Other commentators were more generous in their interpretations of Darwin’s religiosity. The modern myth of a timeless conflict of science and religion was far from the reality experienced by Victorian readers who first turned the pages of Darwin’s Origin of Species and Descent of Man (1871). It is now widely forgotten that the scientific debate over the theory of evolution was over within twenty years of the publication of Origin of Species. Yet how could that be given that the Victorians were, by and large, far more religious than people generally are today and the scientific evidence for evolution was far less complete than it is now?

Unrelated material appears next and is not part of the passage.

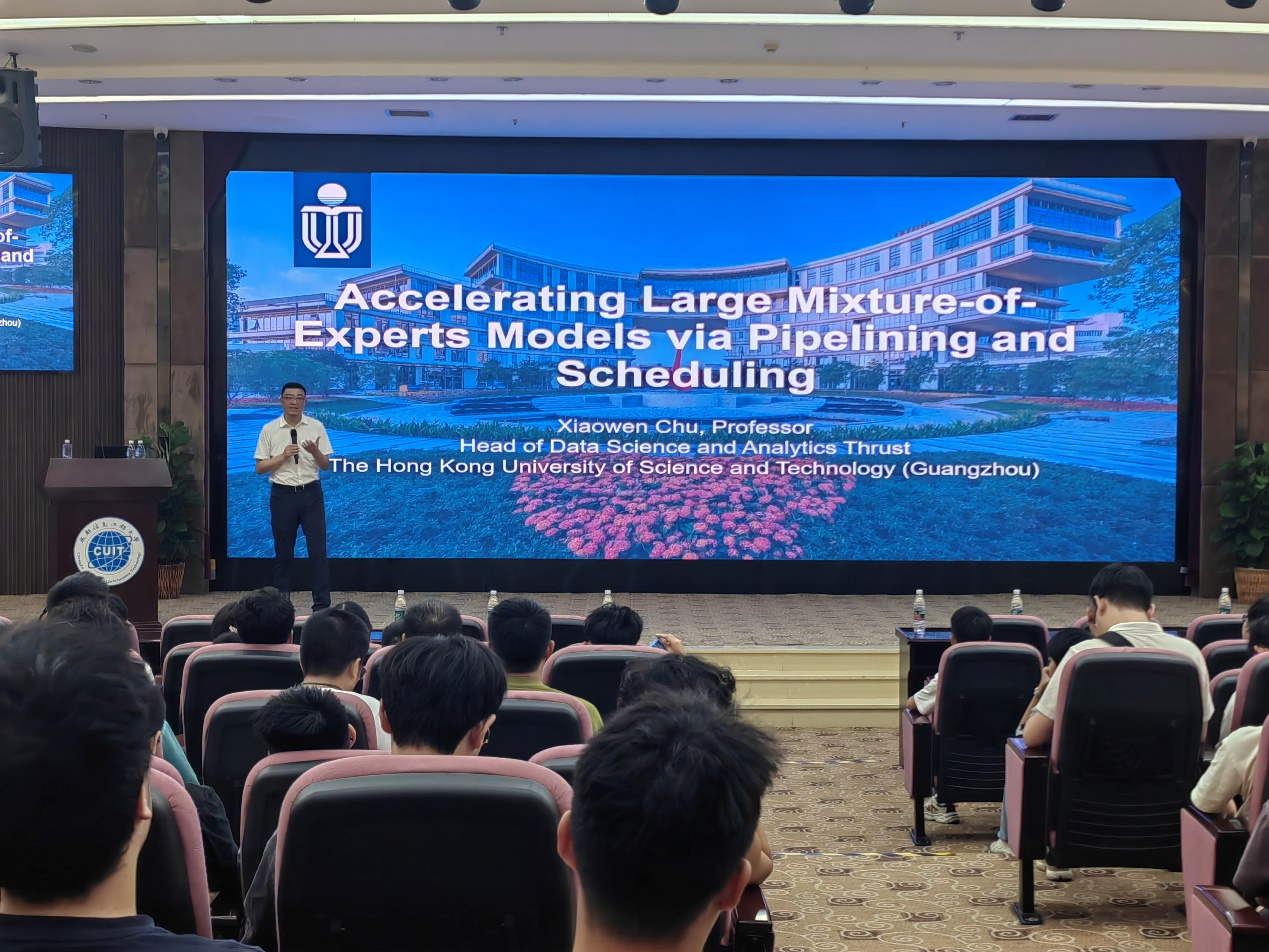 9月20日下午,应英国威廉集团邀请,香港科技大学(广州)数据科学与分析学域主任褚晓文教授在国际会议厅作题为《Accelerating Large Mixture-of-Experts Models via Pipelining and Scheduling》的学术报告。本次报告由学校副校长、英国威廉集团院长吴锡教授主持,英国威廉集团部分教师、全体研究生及22级本科生参加了现场报告和学术交流。
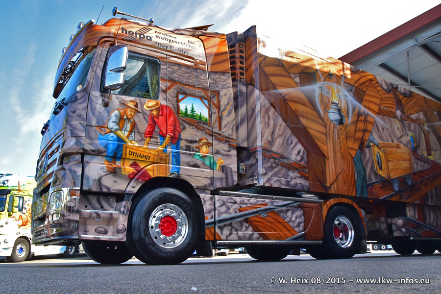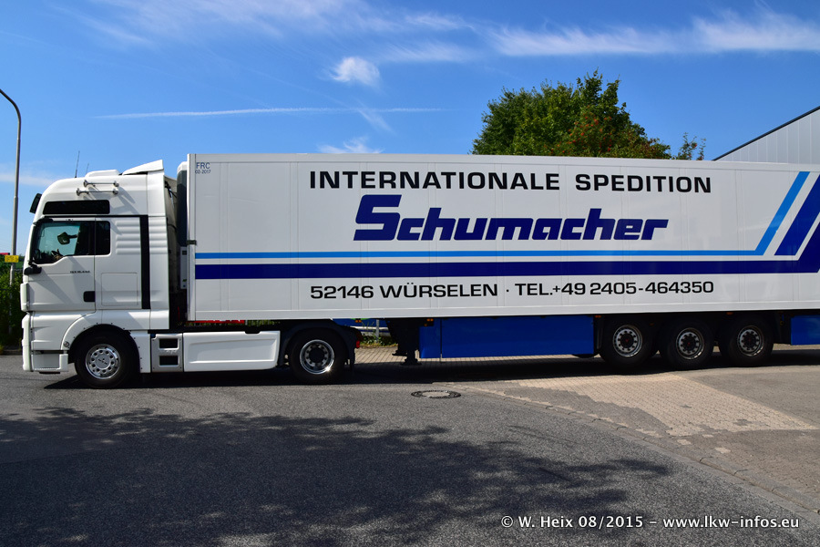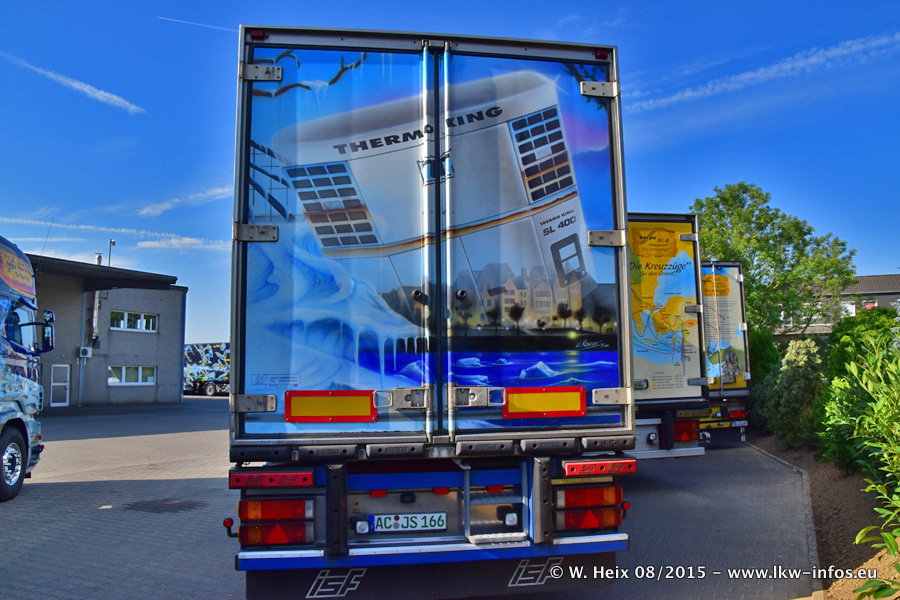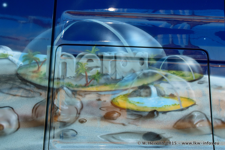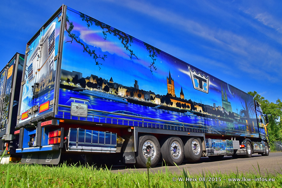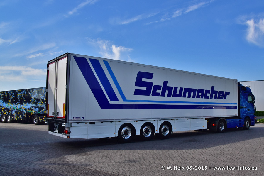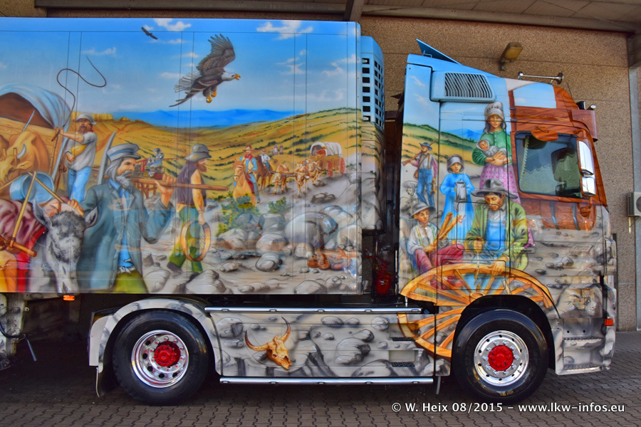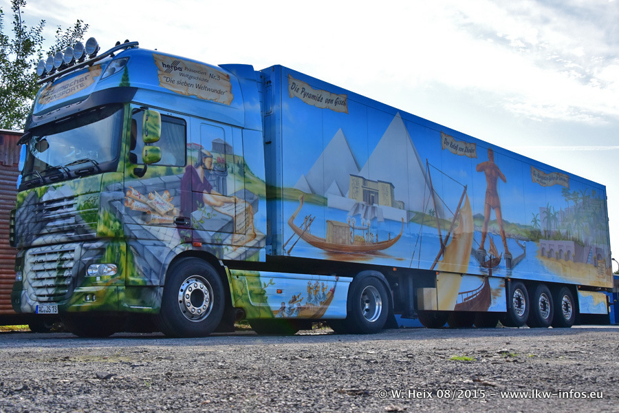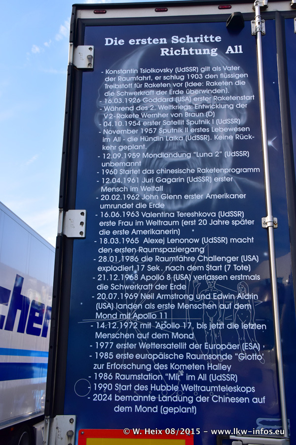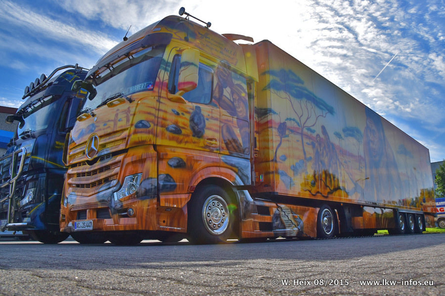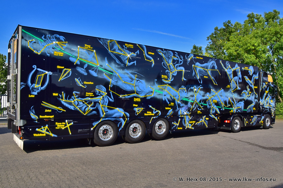 Bei diesem Besuch waren bis auf einen LKW alle Showtrucks der Herpa-Serie zuhause. Schumacher hat ja bekanntlich inzwischen den größten Teil dieser 14 Trucks im Fuhrpark. Die Nummer 1 bekam vor einigen Monaten eine neue Zugmaschine und läuft jetzt unter der Numer 1.1 "Die Wiege der Menschheit". Ende 2014 bekam Schumacher die Nummer 14 der Serie: "Herpa präsentiert Weltgeschichte Nr. 14 - Karl der Große". Das ist aktuell der letzte neue Showtruck der Herpa-Serie. Außerdem konnte ich diesmal den Köln-Truck von allen Seiten fotografieren, da dieser auch zuhause war. Danke an den/die Fahrer von Schumacher, die mir die Showtrucks zum Fotografieren auf dem Hof "ins richtige Licht" gerückt haben.

The explanation is that for very many Victorians the choice was not between God and science, religion or evolution, but between different notions of how God designed nature. It was already widely accepted that fixed natural laws (or secondary laws) had been discovered that explained natural phenomena from astronomy and chemistry to physiology and geology. Darwin, it was believed, had simply discovered a new law of nature designed by God. And it seems this was how Darwin himself viewed at least part of the religious implications of his evolutionary theory. This also makes it all the more understandable that Darwin was buried by the nation in Westminster Abbey in 1882.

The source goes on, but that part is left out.